Friday, November 14, 2008

Tough times for CB Richard Ellis brokerage

Tough times for CB Richard Ellis brokerage

Silicon Valley / San Jose Business Journal - by Katherine Conrad
It’s a tough time to be a commercial real estate brokerage.

But CB Richard Ellis Group Inc. insists its picture isn’t as bleak as what was painted by a report from Morningstar Inc. earlier this month.

The report described CBRE’s position as “precarious” because of massive debt and noted that cash flow was a negative $380 million in the first half of 2008 compared with a positive $163 million for the same period in 2007.

The report further stated that as much as 40 percent of CBRE’s revenue is tied to commercial real estate deals in a market that has “plummeted” as the economy falters.

Morningstar indicated that the company has $3 billion in debt and faces a funding shortfall of $500 million in the upcoming year.

Despite the downbeat tone of the report, Morningstar values the stock above where it has been trading. The company is trading at $3.77 per share as of Nov. 11, off its 52-week high of close to $25. Morningstar is pricing the stock at $6.50.

Mark Schmidt, head of CBRE’s Silicon Valley office, agreed that the economic situation is challenging and said that while other offices have cut staff, he does not plan to let any of his 40-plus brokers go. He noted that CB Richard Ellis was founded more than 100 years ago and has faced difficult times before.

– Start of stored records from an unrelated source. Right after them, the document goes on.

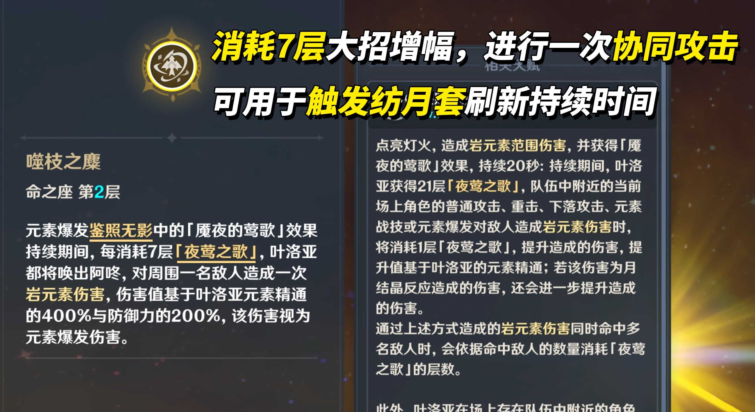 2命,元素爆发期间每消耗7层「夜莺之歌」,叶洛亚会造成一些400%精通200%防御的单体伤害。叶洛亚唯一后台脱手出伤机制,可触发纺月套延续BUFF。
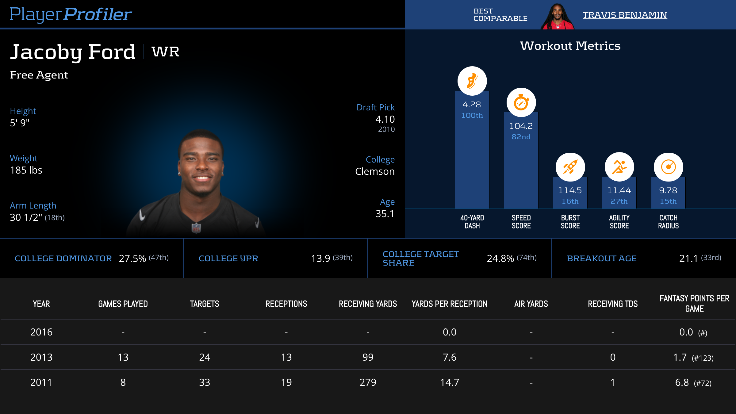 | Year Year | Games Games | Receptions Recs | Receiving Yards Rec Yds | Target Share Tgt Share | Catch Rate Catch Rate | Receiving Touchdowns Rec TDs | Special Teams Yards Special Teams | Age Age | School School |
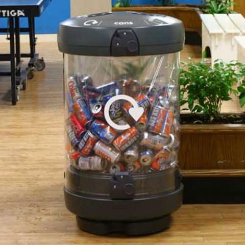 El cesto transparente para reciclaje C-Thru™ es único en su tipo, ya que posee un cuerpo completamente transparente que permite la vista de su contenido. Con un volúmen de 180 litros, es ideal su instalación en áreas comunes y zonas con alto caudal de gente. Sus características generan un gran impacto en el público, ya que el cuerpo transparente promueve la conciencia colectiva de reciclado de los mismos.
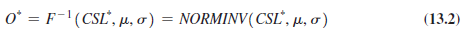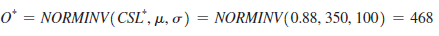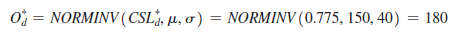 O* = NORMINV(CSL*, µ, σ) = NORMINV(0.75, 150, 40) = 177

“Everybody is struggling with the economy. We all have to get as lean and mean as possible and watch expenses more than we ever have,” he said. “CB is no different. We’re cutting expenses like everyone else and trying to be prudent to stockholders.”

Brett White, CBRE’s president and CEO, responded to the Morningstar report with a letter to shareholders that said the firm’s revenue was $1.3 billion for the third quarter and earnings per share totaled 27 cents, exceeding analysts’ expectation by 4 cents.

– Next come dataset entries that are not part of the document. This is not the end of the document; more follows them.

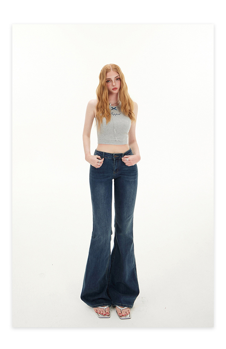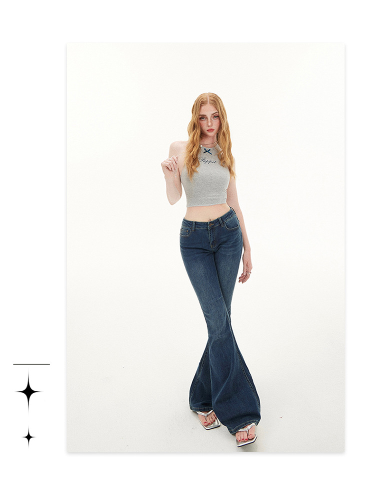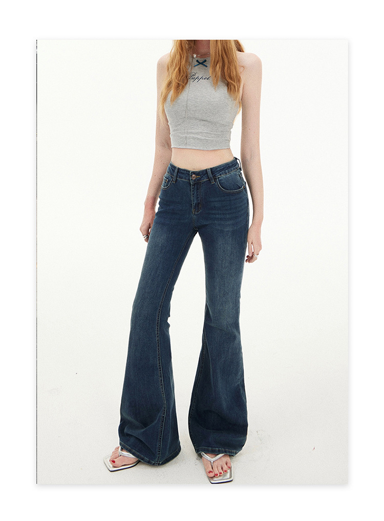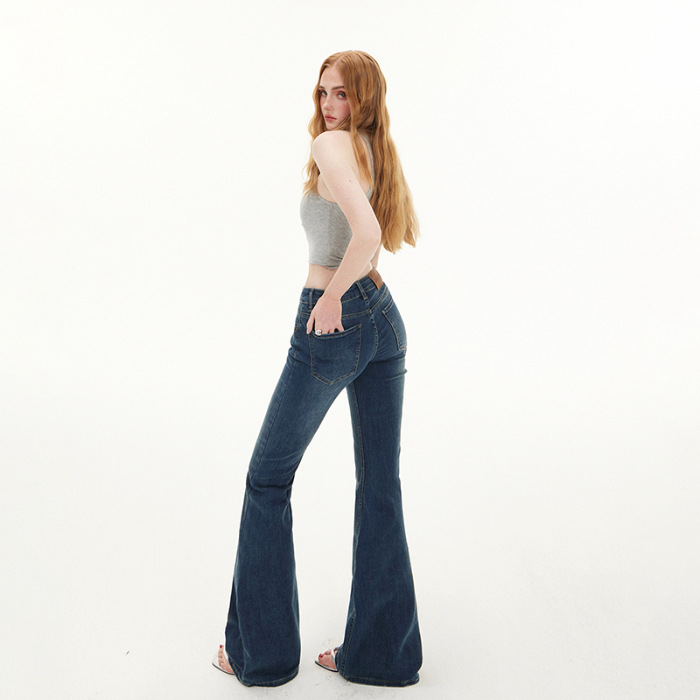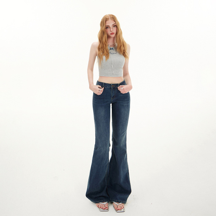 YC & 미국 스타일의 복고풍 낮은 허리 핫 소녀 플레어 팬츠 슬림 핏 슬리밍 스트레칭 청바지 여성의 봄과 여름 및 긴 바지
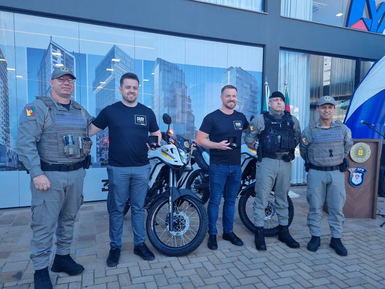 A Brigada Militar recebeu a doação de duas motocicletas XRE 300, entregues pela Lyall Construtora, de Lajeado. Os veículos serão destinados à ROCAM (Rondas Ostensivas
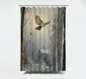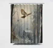 In una tranquilla foresta innevata, un gufo plana silenzioso su una capanna solitaria. I colori tenui e la luce soffusa conferiscono alla scena un'atmosfera misteriosa e pacifica. Questo suggestivo dipinto invernale cattura la bellezza della natura e la magia della solitudine invernale, simbolo di tranquillità e contemplazione.

“These are certainly very challenging times for everyone,” wrote White. “Conditions have deteriorated on a scale and with a speed that no one could have predicted just a few months ago.”

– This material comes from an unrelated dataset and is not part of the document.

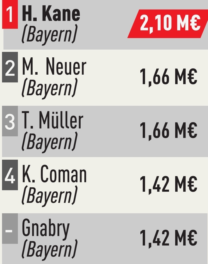 03月21日讯 《队报》统计了德甲球员月薪排行,凯恩以210万欧排名第1,前5名均为拜仁球员。

CBRE announced as of Nov. 11 that it would offer 50 million shares of stock for sale, to deal with its 65 percent drop in net income in the third quarter. The stock offering comes on top of a reduction of $190 million in costs, which include layoffs.

CBRE, with 300 offices around the world, stands out as the largest and most public of commercial real estate firms facing an increasingly tough market. Because it is public, the firm must disclose its finances.

But CBRE is not alone.

Privately held Cushman & Wakefield Inc. and publicly held Grubb & Ellis Co. are rumored to have laid off brokers. Neither company would return telephone calls seeking comment. Grubb & Ellis’ stock has dropped to around $1 from a 52-week high of $7.50.

Mark Ritchie, whose firm Ritchie Commercial Inc. had four offices throughout the Bay Area including locations in San Francisco, San Jose, Oakland and Walnut Creek, said he plans to consolidate his East Bay offices into the Walnut Creek location. While Ritchie is saving rent through consolidation, he has added brokers in San Jose and San Francisco to his staff of 45 brokers.

“I’m so different from all of them because my firm is so small,” Ritchie said. “We’re making deals. They’re small, but they are deals.”

Phil Mahoney, principal and executive vice president of Cornish & Carey Commercial/ONCOR International, said his firm, which has been profitable for decades, also has added brokers.

“It’s a good time to be private,” he said. “We don’t have the stockholders looking over our shoulders. We don’t have debt to service and we’re not in the public eye. Pubic entities that do have debt are under severe strain.”